# Trajectories of Social Isolation and Loneliness and Advance Care Planning among U.S. Older Adults

**Authors:** Ke Li, Yifan Lou, Jing Wang

PMC · DOI: 10.1093/geroni/igaf122.3677 · 2025-12-31

## TL;DR

This study explores how social isolation and loneliness over time affect advance care planning among older adults in the U.S.

## Contribution

It identifies distinct trajectory patterns of social isolation and loneliness and their gender-specific impacts on advance care planning.

## Key findings

- High start-stable social isolation is linked to lower odds of advance care planning discussions and DPAHC.
- Loneliness trajectories also significantly affect DPAHC and discussions, with gender differences observed.
- Targeted interventions are needed to address social isolation and loneliness to improve advance care planning.

## Abstract

Social isolation and loneliness are critical public health concerns that may interfere with end-of-life care preferences. However, their relationships with advance care planning (ACP) remain unclear. Using three-wave data from the Health and Retirement Study, this study identified trajectory patterns of social isolation and loneliness and explored their associations with ACP. Social isolation index was generated using five indicators of marital status, social participation, and frequency of contact. Loneliness was measured by the UCLA loneliness scale. Three dimensions of ACP were considered: living will, Durable Power Attorney for Health Care (DPAHC), and ACP discussions. Group-based trajectory model identified four distinct trajectories for both social isolation (low start-decreasing, low start-increasing, moderate-start stable, high start-stable) and loneliness (low start-stable, low start-increasing, moderate start-decreasing, high start-stable). The results of logistic regression models indicated that both trajectories were significantly related to discussion and DPAHC, but not living will. The high start-stable isolation group had the lowest odds of having discussion across groups and lower odds of having DPAHC than those with moderate start-stable isolation.
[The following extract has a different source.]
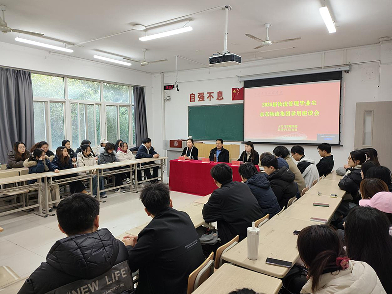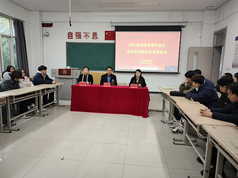 12月18日下午,bevictor伟德国际1946在3-209召开2026届物流管理专业毕业生京东物流集团录用座谈会暨就业动员会。院长赵德利、党委书记兼副院长李沙沙、物流管理教研室主任刘红利和40名成功获得京东物流集团录用资格的2026届物流管理专业毕业生参加会议。会议由辅导员杨馨烨老师主持。

Compared to low start-stable loneliness group, low start-increasing loneliness group was less likely to have DPAHC. The odds of having discussion were significantly lower among the groups of high start-stable loneliness and low start-increasing loneliness than those with low start-stable loneliness. Gender-specific analyses showed that females were affected by both social isolation and loneliness, whereas males were solely affected by social isolation. The findings highlight the importance of developing targeted interventions to address social isolation and loneliness to increase ACP.